Audio: Reconnecting with the arts in a pandemic

Visual Arts


In a year where the hits keep coming, COVID has triggered one positive outcome. Many Australians have used this surreal time to re-connect with arts (and crafts) culture. Whether it is virtually through online exhibitions or in their own home doing a DIY project, Australians of all ages have used art as a form of escape from the chaotic consequences of the pandemic.

For millennials, this has meant creating innovative textiles that comment on COVID; for Boomers who kept their jobs, exploring online art auctions to add to their collections.
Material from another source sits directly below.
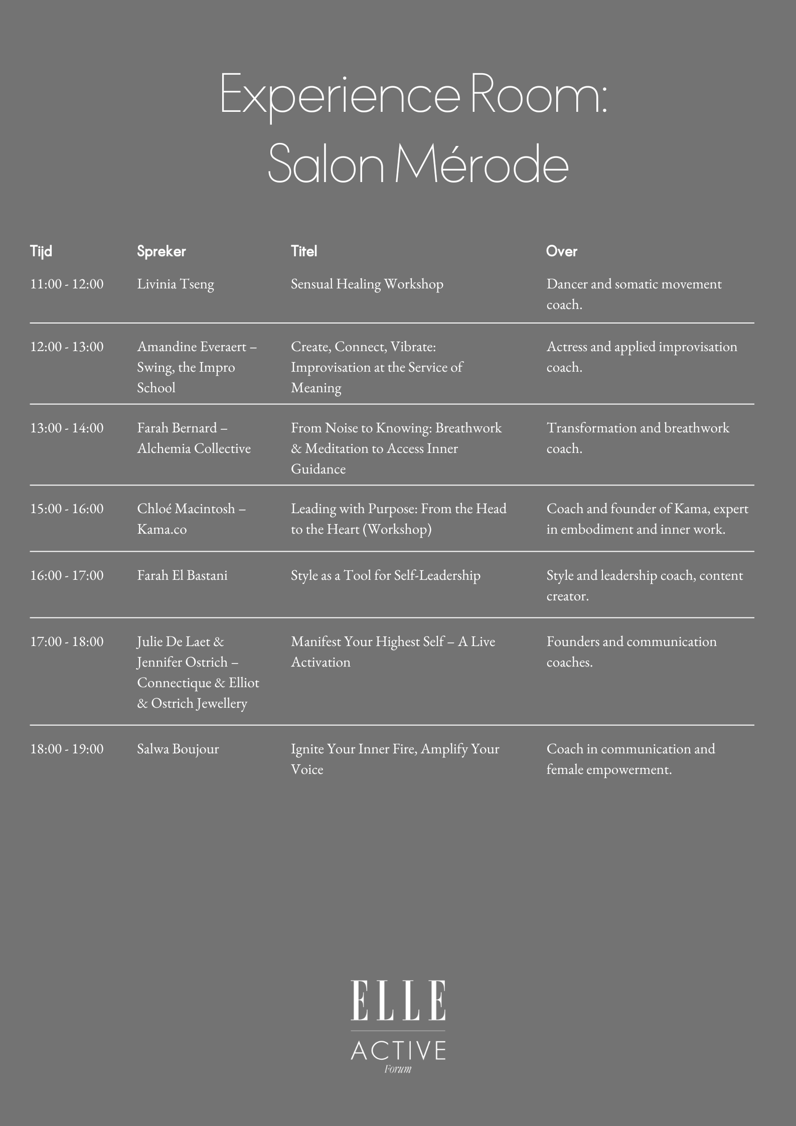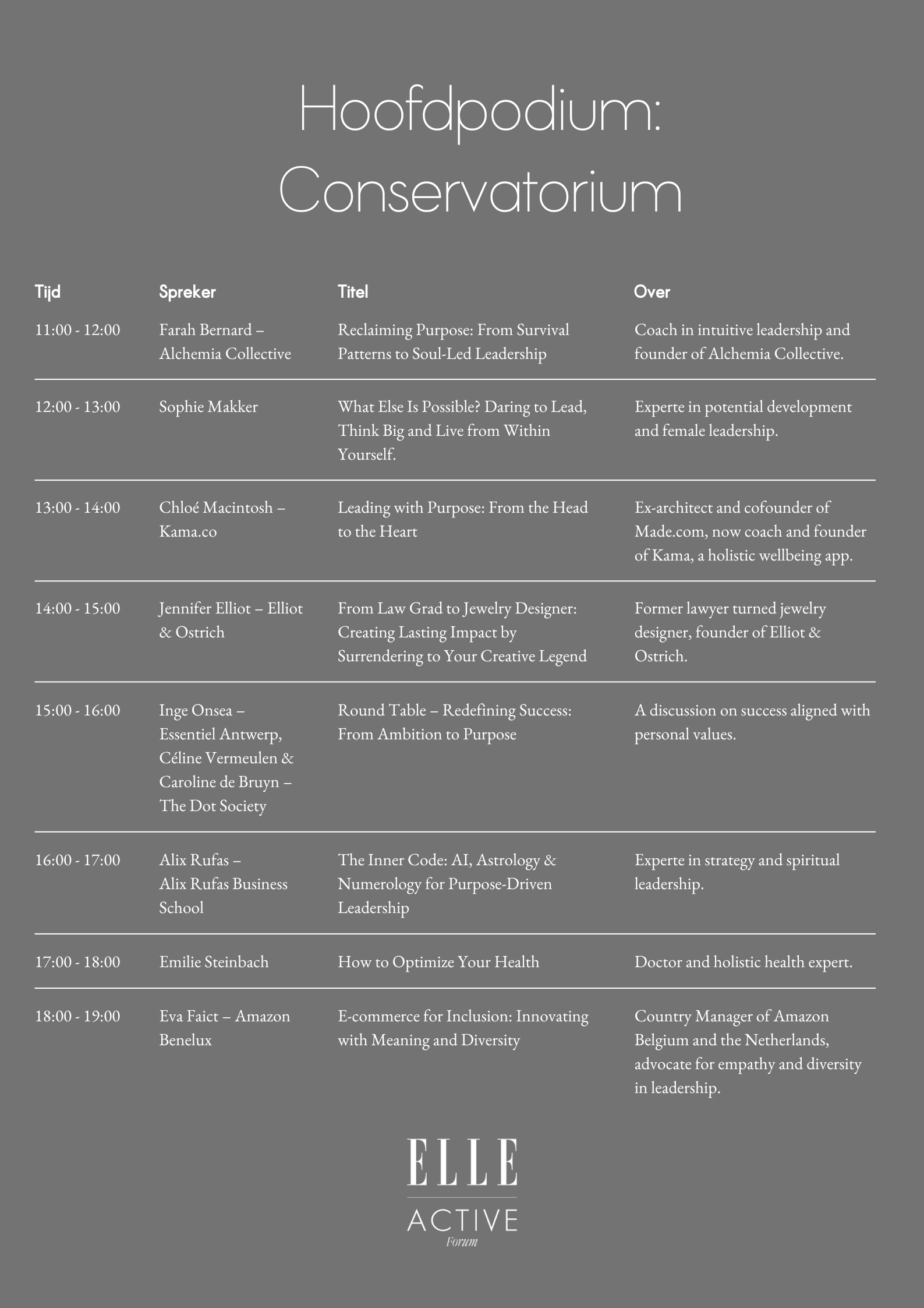 Het ELLE Active Forum keert terug op 15 november in TheMerode. Deze nieuwe editie staat in het teken van ยซ purpose ยป. Inspirerende lezingen, interactieve workshops en exclusieve ontmoetingen vullen de dag. Het is een dag voor vrouwen die ambitie, intuรฏtie en impact willen combineren. Ontdek het volledige programma hieronder.
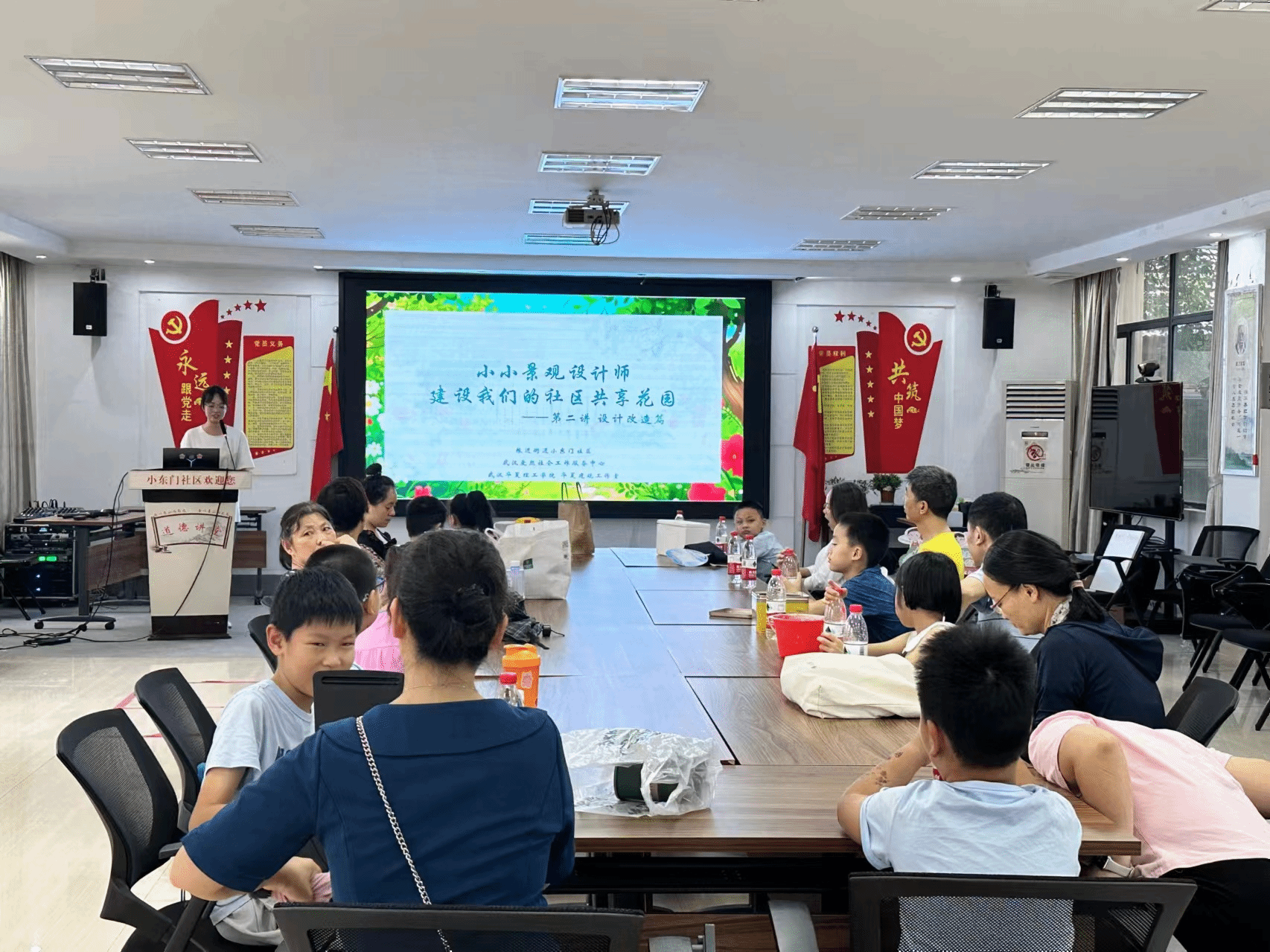 2024年7月20日上午,由华夏建规工作室精心策划的《小小景观设计师,建设我们的社区共享花园》系列活动第二讲在武汉市小东门社区党群服务中心正式开讲。本次活动由工作室指导老师向添媛牵头,城乡规划22级学生向贻锦主讲, 21级叶文杰与23级赵红云两位担任助理小老师,共吸引了15组亲子家庭积极参与。

WA-based textile artist, Emma Buswell's "Smashed avocado green sweater" went viral after featuring WA Premier Mark McGowans' quote, "there's nothing unlawful about going for a run and eating a kebab". Early in the lockdown, police in NSW had fined a jogger for stopping to eat a kebab while out running. Asked if a kebab fine would be issued in WA, Premier Mark McGowan had a laughing fit and Buswell turned it into art.

While individuals may be supporting the arts more than ever, Buswell believes the government needs to pull their weight too.

The Chair of the Museum of Contemporary Art (MCA), Lorraine Tarabay says "art has therapeutic benefits" and has been key to supporting anxious Australians through the health crisis. The MCA had an influx of traffic to their website in 2020 as art lovers used virtual exhibitions to fill the cultural void created by COVID.

Gallery doors have recently reopened (the MCA visitors are presently around 30 per cent of pre-COVID numbers) and Tarabay believes the museum will play a significant role in helping Sydney bounce back as a cultural hub.